The World According to Ursula K. Le Guin

“A writer is a person who cares what words mean, what they say, how they say it. Writers know words are their way towards truth and freedom, and so they use them with care, with thought, with fear, with delight. By using words well they strengthen their souls. Story-tellers and poets spend their lives learning that skill and art of using words well. And their words make the souls of their readers stronger, brighter, deeper.”

― Ursula K. Le Guin

I’m not just writing this because tonight PBS will be airing a documentary about the late science fiction writer and thinker of all things, Ursula K. Le Guin, and hope you’ll watch it. I’m writing this because I want to share her with you, like anything else that inspires me or tells me this is so fantastic I can’t keep this all to myself. True greatness whether its a book, a recipe, a song, a piece of artwork, comes with a requisite “share me” tag which can’t be ignored.

Like most of us, we discover authors because of recommendations either from friends, websites of other authors. We often hear them discuss their influences and if we’re really into their writing then chances are we’ll give those folks a whirl. And that’s how I came to know Ursula.

Even though science fiction is not the genre I naturally gravitate to, I’ve always considered myself a fan. Dune was an eye-opener for me and the way Frank Herbert had created a whole language (fremen) just blew my mind. (subakh ul kuhar – are you well? subakh un nar – I am well, and you? I’m giggling remembering how I had all this crazy stuff down pat). Robert Heinlein, Ray Bradbury, Jules Verne, H.G. Wells, Arthur C. Clarke, yup … I read all these guys, too. But please take note I said “guys.” Back then it was like every other field that didn’t include running a household, a good ole boys club. Something to break into because that is what we must do: change the thinking, change the way the world works.

And nothing speaks to this better than her essay: Introducing Myself.
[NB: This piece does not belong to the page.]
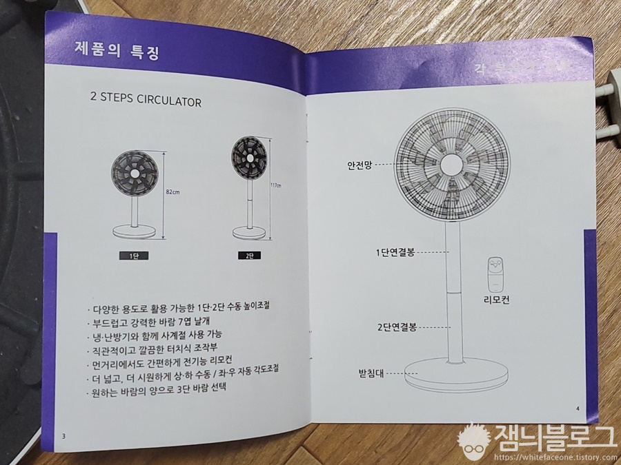 설명서의 그림을 참고하면 좀 더 쉽게 조립할 수 있기는 합니다. 선풍기 기둥 조절은 수동으로 해야 해서 좀 아쉽지만 막상 선풍기 높이조절을 써본 적이 없습니다. 여태 그냥 각도만 올려도 충분했습니다. 2년 보증이라는데 그래도 2년간은 걱정 없이 쓸 수 있겠습니다.

Right there at the beginning of The Wave in the Mind, Ursula tells you upfront this was “written in the early nineties as a performance piece.” The first line reads: “I am a man.” From there she goes on to describe herself with the hope you’ll ignore the fact that “I own three bras, and I’ve been pregnant five times and other things like that that you might have noticed, little details.” I visualize this interesting, unpretentious older woman standing in front of an audience saying what I am is more than what you see. And what you see is only getting better. “Models like the Austen and the Bronte were too complicated,” she wrote, “and people just laughed at the Suffragette, and the Woolf was way too far ahead of its time.” “We have been told that there is only one kind of people and they are men.”
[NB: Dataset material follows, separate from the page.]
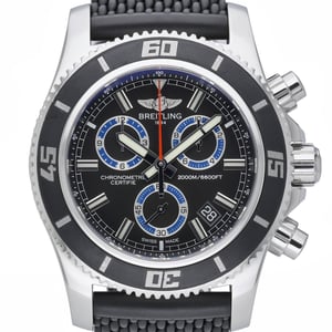 Experience uncompromising performance with this Breitling Superocean Chronograph M2000 (A73310), a 46mm stainless steel diver in excellent condition. Powered by a precise quartz movement, it features a black chronograph dial beneath sapphire crystal, a unidirectional rotating bezel, and exceptional water resistance rated over 120 ATM. The robust rubber strap with pin buckle delivers secure comfort in and out of the water. Manufactured in 2014, this gents model comes complete with its original box and papers and is backed by our 2 Year Warranty. BQ Ref 52727. Enjoy next day delivery and a 14 day return policy for total peace of mind.

If I had to pick just one thing that taught me what it means to be a woman in a man’s world and how to navigate through, I’d have a difficult time. I’ve had so many experiences to pound that message in. But this piece … this brings it home.

In the span of some sixty years, Ursula wrote twenty-one novels, hundreds of essays, short stories, poetry, children’s books and influenced a generation of writers: Terry Pratchett, Salman Rushdie, Zadie Smith, Margaret Atwood, and Neil Gaiman. And it was through Neil that I soon found myself diving headfirst into, The Left Hand of Darkness. That was followed up by, No Time to Spare, her collection of essays, which I absolutely loved and related to. She’s such an easy read when those plain-as-paper thoughts pour out about anything and everything: getting older, her cat Pard, and why the phrase “you can’t have your cake and eat it too,” is grammatically a no-no.

“To light a candle is to cast a shadow…”
― Ursula K. Le Guin, A Wizard of Earthsea

I was blown away when I found out that in 2010, at the age of eighty-one, she started a blog. A blog! Seriously? My mother at the age of eighty-one refused to buy any more shoes with shoelaces complaining that was beyond her scope. Can you imagine the clamor over a keyboard? A mouse? Throwing words out into the black void of Internet space? (Here’s her website where you can read those treasured archived blogs: www.ursulakleguin.com).

Among the many, many things I’ve learned by reading Ursula Le Guin, whether it’s a story, a poem, or an essay, she’s always trying to reach us on some other level. One deeper about those great issues which continue to chip away at our humanity. And that, my friends, is what makes for compelling reading from a most compelling person.

Worlds of Ursula K. Le Guin premieres Friday, August 2 at 9 p.m. on PBS and will also be available for streaming at PBS.org/americanmasters.